When deciding cases of indirect discrimination, tribunals can make a declaration, a recommendation and/or an award of compensation. In Wisbey v The Commissioner of the City of London Police and anor, the Court of Appeal held that tribunals are not required to make an award of compensation just because they made a declaration or recommendation.
Mr Wisbey was an authorised firearms officer (AFO) and a rapid response driver for the City of London police force who suffered from a form of defective colour vision. Although it had had no obvious effect on his ability to discharge his duties, his employer removed him from his AFO role in March 2017 and later, from advanced driving duties after new guidance was introduced with regard to eyesight standards. Following a series of further colour vision tests he was reinstated to both roles in February 2018.
Given that about eight per cent of men and only 0.25 per cent of women suffer colour vision defects, Mr Wisbey made a claim of unlawful indirect discrimination, arguing that the requirement to pass certain colour vision tests unlawfully discriminated against men on the ground of sex.
Decisions of tribunal and EAT
In relation to firearms duties, the tribunal found that the provision, criterion or practice (PCP) applied by the force (requiring officers to undergo a suite of tests to ensure they carried out their duties safely) was legitimate and proportionate in its aim. With regard to driving duties, however, the restriction was not proportionate, and it made a declaration therefore that Mr Wisbey had been subject to indirect sex discrimination. It held that as the PCP was unintentional in the sense that the force was unaware that Mr Wisbey would be put at a particular disadvantage as a man, it declined to make him an award for injury to feelings under section 124 of the Equality Act 2010.
Rejecting the appeal, the EAT held that, as there was no arguable flaw in the tribunal’s reasoning, it was entitled to come to the conclusion that it had. Mr Wisbey appealed again on the basis that section 124 was incompatible with EU law since it denied him an effective remedy and would not act to dissuade an employer from discriminating against a worker.

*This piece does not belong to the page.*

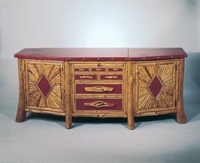 Many dude ranches were spruced up for their city slicker patrons. The person who created what is termed Cowboy High Style was Thomas Molesworth, a furniture maker from Cody, Wyoming, who accepted several commissions to furnish Western ranches and hotels. His furnishings depict the Western lifestyle in romanticized glory. He peeled and polished fir and lodgepole pine branches to frame his furniture and upholstered the pieces in brightly colored leather or Chimayo weavings.

Section 124 states that if a tribunal finds that a provision of the Act has been contravened but that the PCP was not intentional, it does not have to make an award of compensation if it has first considered making a declaration and/or a recommendation.
Decision of Court of Appeal
Dismissing the appeal, the Court held that the wording in section 124 was clear and unambiguous. Tribunals just have to consider whether to make a declaration and/or a recommendation before deciding whether to make an award of compensation. There was nothing in the wording to indicate that they should prioritise or emphasise one remedy over another, nor was there anything “that steers tribunals away or dissuades them from making compensatory awards”.
If the tribunal decided that it was appropriate to make a declaration and a recommendation, there was nothing to stop it from also awarding compensation. In other words, tribunals have a clear discretion about whether to award compensation once they have considered the other remedies. However, if a worker had sustained loss and damage, they should expect to be awarded compensation that was adequate and proportionate.
The Court concluded that requiring a tribunal to consider whether to make a declaration or a recommendation first, before deciding whether to award compensation did not inhibit or make it more difficult for a complainant to vindicate their domestic or EU rights.